=== INPUT ===
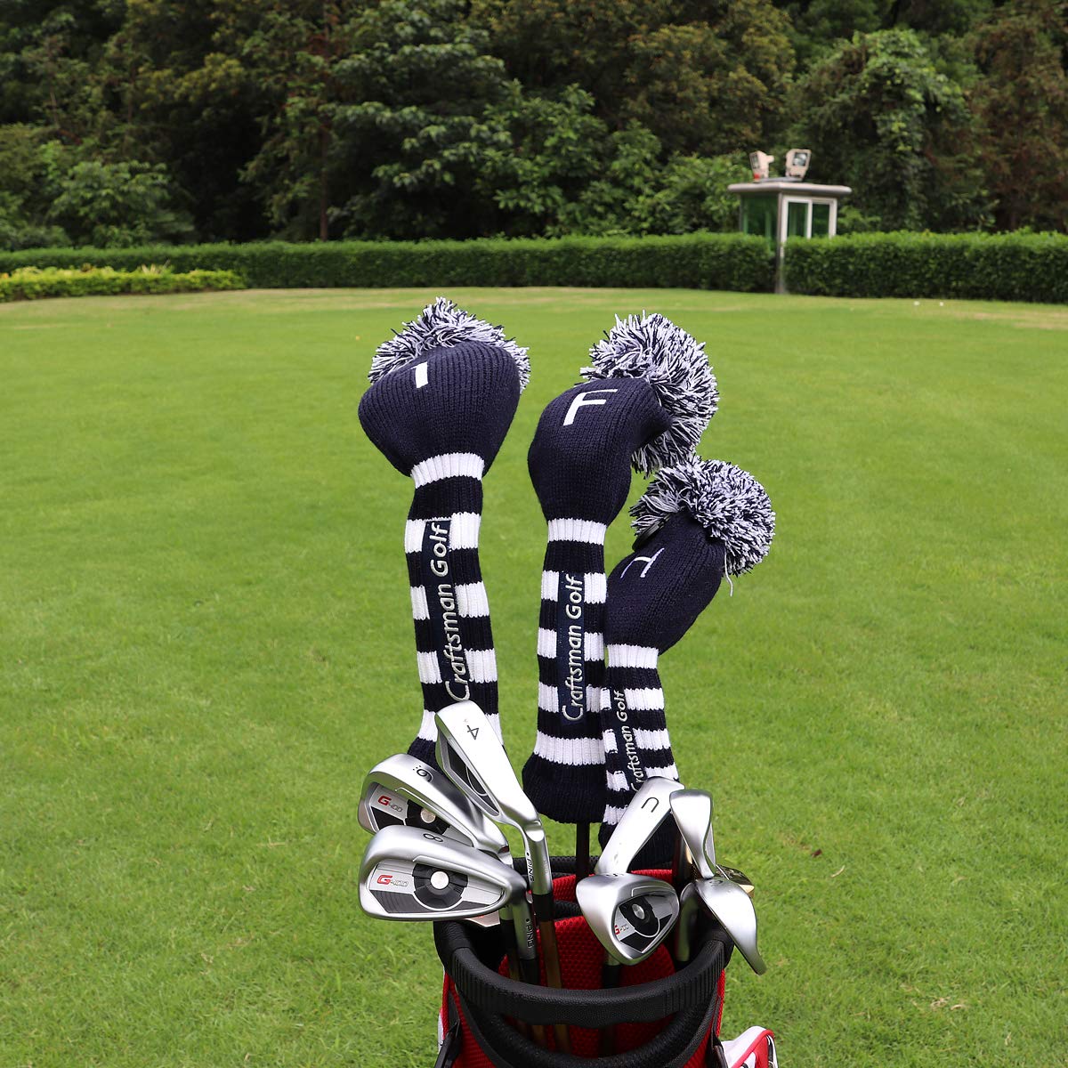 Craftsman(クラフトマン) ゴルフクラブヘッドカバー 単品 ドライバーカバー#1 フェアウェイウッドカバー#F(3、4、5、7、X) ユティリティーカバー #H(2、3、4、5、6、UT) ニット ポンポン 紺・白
===
=== INPUT ===
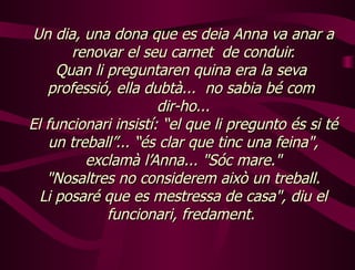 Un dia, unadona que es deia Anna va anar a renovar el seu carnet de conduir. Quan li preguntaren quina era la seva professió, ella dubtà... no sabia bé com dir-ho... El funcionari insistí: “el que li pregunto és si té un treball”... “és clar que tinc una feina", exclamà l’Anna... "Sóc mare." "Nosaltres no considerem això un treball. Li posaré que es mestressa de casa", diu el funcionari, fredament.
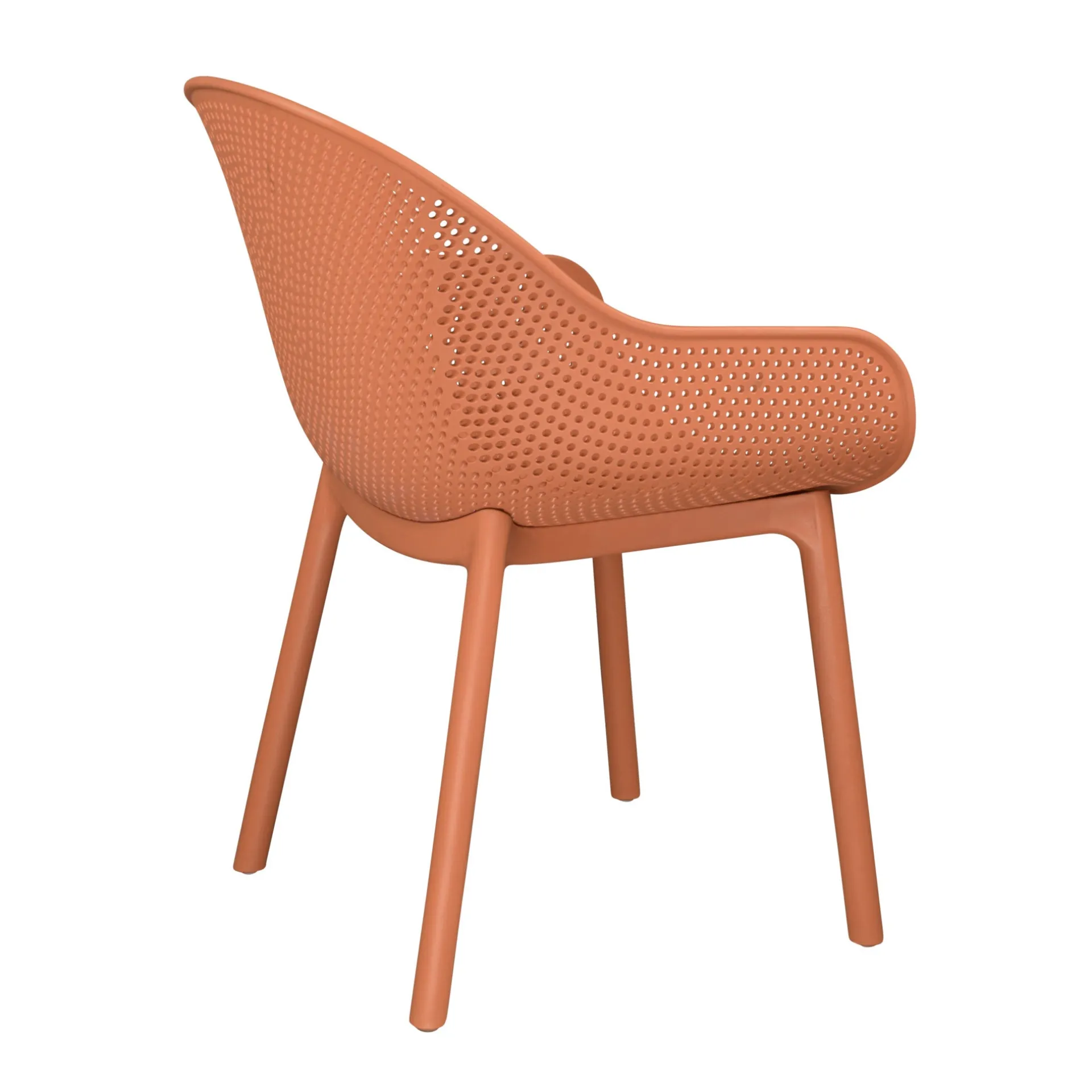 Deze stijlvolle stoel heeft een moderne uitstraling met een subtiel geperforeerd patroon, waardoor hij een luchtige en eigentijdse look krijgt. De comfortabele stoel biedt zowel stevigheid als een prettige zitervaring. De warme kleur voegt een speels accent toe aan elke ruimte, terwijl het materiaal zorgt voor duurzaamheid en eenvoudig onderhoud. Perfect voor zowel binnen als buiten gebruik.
===
=== INPUT ===
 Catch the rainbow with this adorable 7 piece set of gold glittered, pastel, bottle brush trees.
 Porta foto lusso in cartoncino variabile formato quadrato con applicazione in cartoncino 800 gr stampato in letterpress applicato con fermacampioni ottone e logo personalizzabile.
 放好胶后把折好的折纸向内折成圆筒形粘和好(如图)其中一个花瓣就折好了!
===
WHAT YOU ARE ASKED TO DO: As the answer, set down only the lines from the data above between the one holding "Porta foto lusso" and the one holding "放好胶后把折好的折纸向内折成圆筒形粘和好(如图)其中一个花瓣就折好了!", inclusive, exactly as they read.

SOLVED PROBLEM:
 Porta foto lusso in cartoncino variabile formato quadrato con applicazione in cartoncino 800 gr stampato in letterpress applicato con fermacampioni ottone e logo personalizzabile.
 放好胶后把折好的折纸向内折成圆筒形粘和好(如图)其中一个花瓣就折好了!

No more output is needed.